Book Review: Tweet If You (Heart) Jesus

Book Review: Tweet If You (Heart) Jesus


Recently I had a lively conversation with Gary Soulsman of The News Journal, our local paper, about how the digital revolution, and social media specifically, is transforming the landscape of the faith community locally and globally. He mentioned having spoken with Elizabeth Drescher whose new book Tweet If You (Heart) Jesus: Practicing Church in the Digital Reformation offers a fresh look at faith and the media. By coincidence, I had finished the book only days before. And it is a book that I would recommend. Here’s why…

There are numerous books on the ‘how-to’ of faith-based media but Ms. Drescher’s book is different. She addresses the ‘why’ question. According to Drescher, the phenomenon of social media is not a fad, something to take or leave in the knowledge that it will be gone as fast as the VHS tape. Instead we are looking at a shift as powerful as the Reformation. She is not the first to stress the significance of this transformation. But her purpose is to highlight the social dynamics of that shift. And by approaching the subject from that angle, she succeeds in making big points.

The author punctuates her lively narrative with charts that dramatically illustrate how communication has markedly changed over time. For example, one entry in her chart identifies premodern communication as interpersonal and multidirectional; modern mass media as one-directional and top-down; while digital social media communication is multi-directional and networked. But, Drescher points out, many churches still used their websites in a modern, one-directional way. The church website often becomes a bulletin board, essentially a digital newsletter or brochure, falling far short of what how the digital world functions. Actively integrating a dynamic church website with social networking sites such as Facebook and Twitter brings the full power of the internet within reach. Examples of churches that do this successfully and those that fall short are analyzed in the conclusion of the book. The bottom line is that opening avenues of dialogue and networking are key to fully engaging the internet and the host of positive relationships that can be forged with people who may not otherwise walk through your sanctuary doors. Like any productive conversation, that means listening to what others have to say. The author points out that certain courtesies apply. If someone asks to ‘follow” you on Twitter, return the complement. Wish people “Happy birthday!” Don’t simply post comments as if only you have the important news. Respond to others’ comments and remember the interaction for future reference. As a result, you will send the all important message that you care. With conscious effort, our media friendships can approach the intimacy of our face-to-face contacts.

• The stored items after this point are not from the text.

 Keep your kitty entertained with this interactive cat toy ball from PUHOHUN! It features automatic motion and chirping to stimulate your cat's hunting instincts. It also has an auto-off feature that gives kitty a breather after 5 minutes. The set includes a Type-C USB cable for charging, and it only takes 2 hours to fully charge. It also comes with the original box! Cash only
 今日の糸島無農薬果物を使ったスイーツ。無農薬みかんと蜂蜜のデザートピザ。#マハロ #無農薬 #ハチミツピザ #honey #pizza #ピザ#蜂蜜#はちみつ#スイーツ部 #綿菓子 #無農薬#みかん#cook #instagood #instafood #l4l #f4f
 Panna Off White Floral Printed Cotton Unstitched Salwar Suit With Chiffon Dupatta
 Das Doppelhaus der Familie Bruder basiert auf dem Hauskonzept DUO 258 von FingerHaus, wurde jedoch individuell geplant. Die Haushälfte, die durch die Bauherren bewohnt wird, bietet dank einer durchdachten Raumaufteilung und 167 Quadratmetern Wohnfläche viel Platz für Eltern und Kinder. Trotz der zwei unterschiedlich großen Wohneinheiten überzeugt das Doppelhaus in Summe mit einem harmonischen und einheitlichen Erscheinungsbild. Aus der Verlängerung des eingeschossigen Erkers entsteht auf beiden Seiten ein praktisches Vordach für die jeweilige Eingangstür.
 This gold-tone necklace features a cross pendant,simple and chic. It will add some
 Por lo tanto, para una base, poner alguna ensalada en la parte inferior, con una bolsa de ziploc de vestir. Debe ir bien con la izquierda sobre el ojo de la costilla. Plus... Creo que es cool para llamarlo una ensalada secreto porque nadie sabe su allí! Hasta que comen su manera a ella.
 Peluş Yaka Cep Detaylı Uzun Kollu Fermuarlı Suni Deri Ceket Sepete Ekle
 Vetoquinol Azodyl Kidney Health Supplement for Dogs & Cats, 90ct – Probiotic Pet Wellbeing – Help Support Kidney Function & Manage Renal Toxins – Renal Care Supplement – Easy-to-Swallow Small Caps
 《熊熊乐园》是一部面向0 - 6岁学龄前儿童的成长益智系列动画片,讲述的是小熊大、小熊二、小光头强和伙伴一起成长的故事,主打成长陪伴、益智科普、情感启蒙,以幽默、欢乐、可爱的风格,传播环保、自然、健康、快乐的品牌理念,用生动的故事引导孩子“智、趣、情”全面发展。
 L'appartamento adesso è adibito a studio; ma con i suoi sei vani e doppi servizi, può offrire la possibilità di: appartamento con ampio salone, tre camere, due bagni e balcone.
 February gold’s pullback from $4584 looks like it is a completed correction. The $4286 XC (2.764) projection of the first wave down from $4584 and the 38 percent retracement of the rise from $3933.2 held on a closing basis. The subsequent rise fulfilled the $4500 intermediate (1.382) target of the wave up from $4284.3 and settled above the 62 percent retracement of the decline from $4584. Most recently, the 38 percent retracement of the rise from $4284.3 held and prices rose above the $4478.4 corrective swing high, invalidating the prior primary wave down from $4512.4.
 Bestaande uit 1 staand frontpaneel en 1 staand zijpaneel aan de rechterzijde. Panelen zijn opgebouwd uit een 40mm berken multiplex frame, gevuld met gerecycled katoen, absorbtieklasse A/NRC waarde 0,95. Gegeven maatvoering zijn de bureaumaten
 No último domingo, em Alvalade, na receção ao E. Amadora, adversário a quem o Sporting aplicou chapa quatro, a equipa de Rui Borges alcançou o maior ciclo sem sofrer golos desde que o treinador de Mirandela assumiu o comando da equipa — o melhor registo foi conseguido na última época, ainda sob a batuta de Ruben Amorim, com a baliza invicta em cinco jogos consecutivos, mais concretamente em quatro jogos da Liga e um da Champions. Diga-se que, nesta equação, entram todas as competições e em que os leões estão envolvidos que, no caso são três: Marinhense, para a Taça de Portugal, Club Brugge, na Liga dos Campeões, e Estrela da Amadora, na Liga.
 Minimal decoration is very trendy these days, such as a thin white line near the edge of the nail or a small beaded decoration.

My orderly ‘Modern’ mind struggled with Drescher’s rendition of history. However, it is not her telling of history that draws me, but the truths inherent in the book. It is human nature to desire a sense of connection. Contemporary digital media is abundant with opportunities to help people nurture their souls and validate their place in the God’s world. Tweet If You (Heart) Jesus reminds us that that is our primary goal.


Paula W Hartzell is the Director of the Interfaith Resource Center located in Wilmington, Delaware.